What you have to do
Only the lines below from the one that holds "Note: Turning on" through the one that holds "연산자 ∧ 스택에 넣음 => PUSH ∧ 실행" should appear in the answer, copied exactly, end lines included and pictures omitted.

(Study material)

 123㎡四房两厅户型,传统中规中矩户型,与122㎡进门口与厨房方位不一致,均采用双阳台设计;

(End Study material)
(Study material)

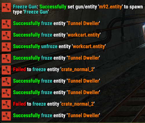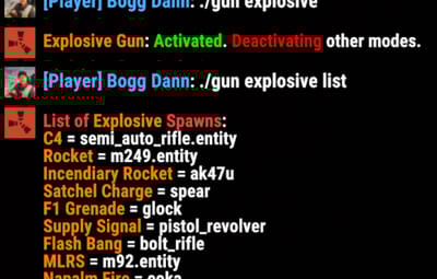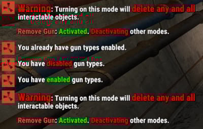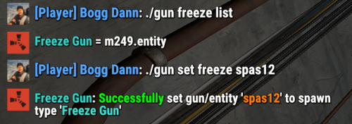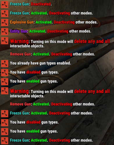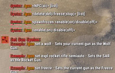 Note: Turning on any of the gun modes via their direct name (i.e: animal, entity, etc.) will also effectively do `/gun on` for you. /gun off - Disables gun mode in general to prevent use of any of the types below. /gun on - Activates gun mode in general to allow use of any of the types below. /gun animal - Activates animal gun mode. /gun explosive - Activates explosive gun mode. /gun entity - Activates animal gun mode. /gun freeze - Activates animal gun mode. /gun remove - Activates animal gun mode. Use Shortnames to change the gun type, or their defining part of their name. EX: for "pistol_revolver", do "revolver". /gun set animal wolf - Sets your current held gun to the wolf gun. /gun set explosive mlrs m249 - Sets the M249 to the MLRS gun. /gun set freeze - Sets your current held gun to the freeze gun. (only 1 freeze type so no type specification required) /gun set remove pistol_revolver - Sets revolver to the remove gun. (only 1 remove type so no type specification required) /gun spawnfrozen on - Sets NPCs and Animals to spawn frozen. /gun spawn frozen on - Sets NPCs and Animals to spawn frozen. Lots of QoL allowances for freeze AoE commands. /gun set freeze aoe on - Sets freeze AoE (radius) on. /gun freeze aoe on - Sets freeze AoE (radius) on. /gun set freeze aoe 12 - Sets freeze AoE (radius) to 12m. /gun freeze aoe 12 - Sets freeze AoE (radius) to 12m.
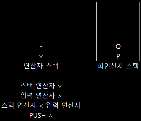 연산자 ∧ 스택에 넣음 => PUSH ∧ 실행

(End Study material)
(Study material)

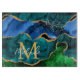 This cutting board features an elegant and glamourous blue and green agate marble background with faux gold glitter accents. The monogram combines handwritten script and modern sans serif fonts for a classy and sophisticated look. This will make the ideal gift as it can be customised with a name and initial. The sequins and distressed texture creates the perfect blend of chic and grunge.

(End Study material)

Exercise answer
 Note: Turning on any of the gun modes via their direct name (i.e: animal, entity, etc.) will also effectively do `/gun on` for you. /gun off - Disables gun mode in general to prevent use of any of the types below. /gun on - Activates gun mode in general to allow use of any of the types below. /gun animal - Activates animal gun mode. /gun explosive - Activates explosive gun mode. /gun entity - Activates animal gun mode. /gun freeze - Activates animal gun mode. /gun remove - Activates animal gun mode. Use Shortnames to change the gun type, or their defining part of their name. EX: for "pistol_revolver", do "revolver". /gun set animal wolf - Sets your current held gun to the wolf gun. /gun set explosive mlrs m249 - Sets the M249 to the MLRS gun. /gun set freeze - Sets your current held gun to the freeze gun. (only 1 freeze type so no type specification required) /gun set remove pistol_revolver - Sets revolver to the remove gun. (only 1 remove type so no type specification required) /gun spawnfrozen on - Sets NPCs and Animals to spawn frozen. /gun spawn frozen on - Sets NPCs and Animals to spawn frozen. Lots of QoL allowances for freeze AoE commands. /gun set freeze aoe on - Sets freeze AoE (radius) on. /gun freeze aoe on - Sets freeze AoE (radius) on. /gun set freeze aoe 12 - Sets freeze AoE (radius) to 12m. /gun freeze aoe 12 - Sets freeze AoE (radius) to 12m.
 연산자 ∧ 스택에 넣음 => PUSH ∧ 실행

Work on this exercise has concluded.